Figure 1. Status epilepticus increases pre-rRNA levels suggesting stimulation of ribosomal biogenesis.

A, Pre-rRNA amplicons that were used for qRT-PCR determination of immature rRNA levels. Major processing sites of mouse pre-rRNA are marked [69]. The 5’ETS amplicon corresponds to the 47S pre-rRNA 5’ETS leader region that undergoes rapid processing providing best insight into nascent pre-rRNA levels. The amplicons corresponding to the 5’ETS/18S junction or the ITS1 regions may also detect more stable intermediates of rRNA processing.
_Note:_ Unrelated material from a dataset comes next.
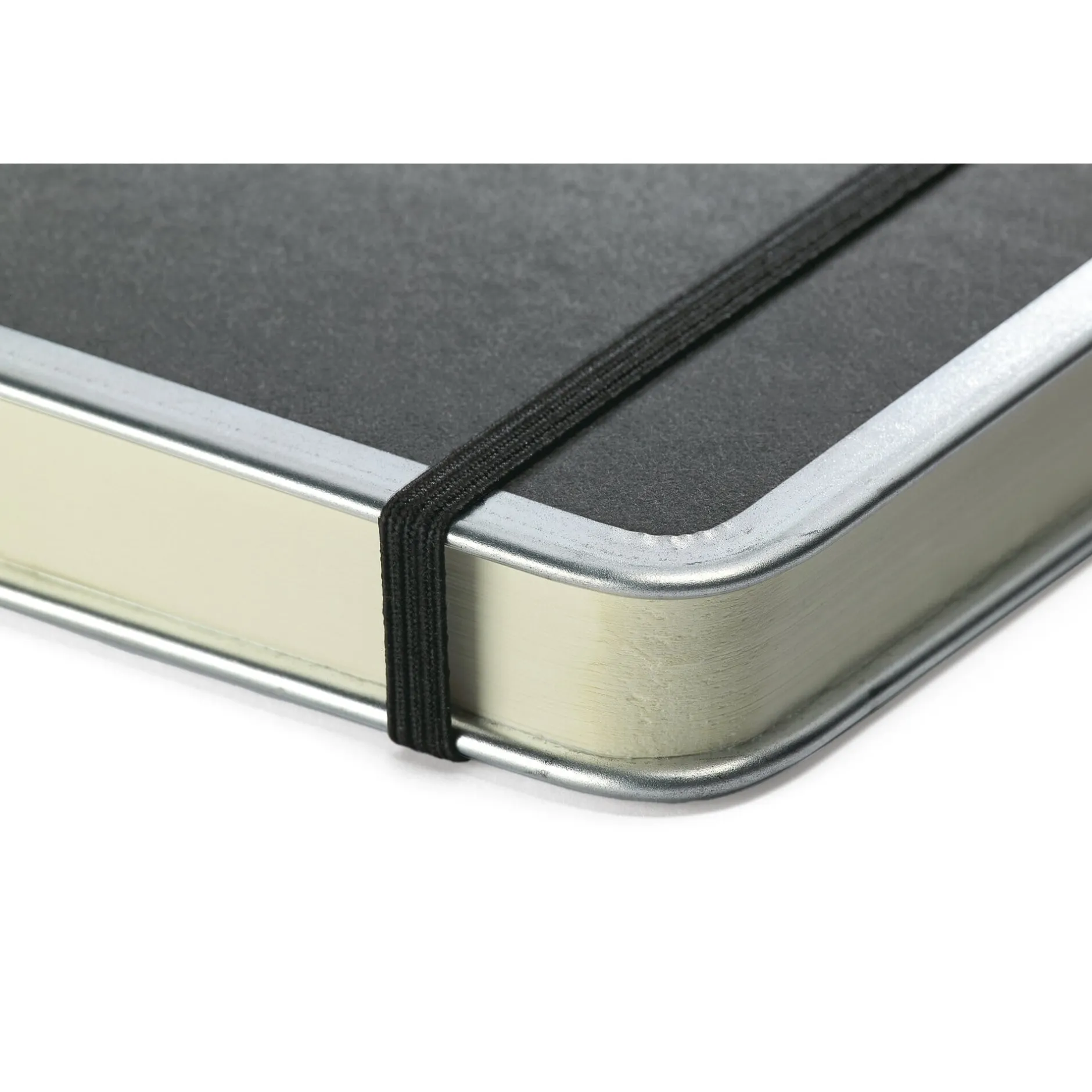 2 mm starker Texoneinband mit metallverstärkten Kanten. Chamoisfarbenes 90-g-Papier, fadengebunden. Mit laminiertem Griffregister. Gummibandverschluss.

The indicated probes were used with 18S rRNA as a normalizer. Due to large quantities of mature ribosomes in the brain and post-mitotic/quiescent nature of most neural cells, total 18S rRNA levels are expected to change far slower than precursor rRNA providing optimal normalization for short-term pre-rRNA studies (i.e. hours-few days). B, Status epilepticus (SE) was induced in mice by kainic acid (KA). Levels of pre-rRNA were determined in the whole hippocampus as indicated. Note upregulation of 47S pre-rRNA as revealed by both 5’ETS and ITS1 probes and no changes in 5’ETS-18S processing intermediates at 6- but not 2 h after KA injection. C, Mice were injected with pilocarpine to induce SE. After 2.5 h, SE was interrupted by i.p. injections of diazepam and mice were killed one hour later. Control mice received the same treatment except pilocarpine. The 5’ETS leader probe revealed increased 47S pre-rRNA levels in the dentate gyrus (DG) and cornu Ammonis (CA) regions of pilocarpine-treated mice; in the CA, the upregulation was also detected with the ITS1 probe. Data represent averages ± SEM, u-test comparisons are to respective control groups; ns, p>0.05; *, p<0.05.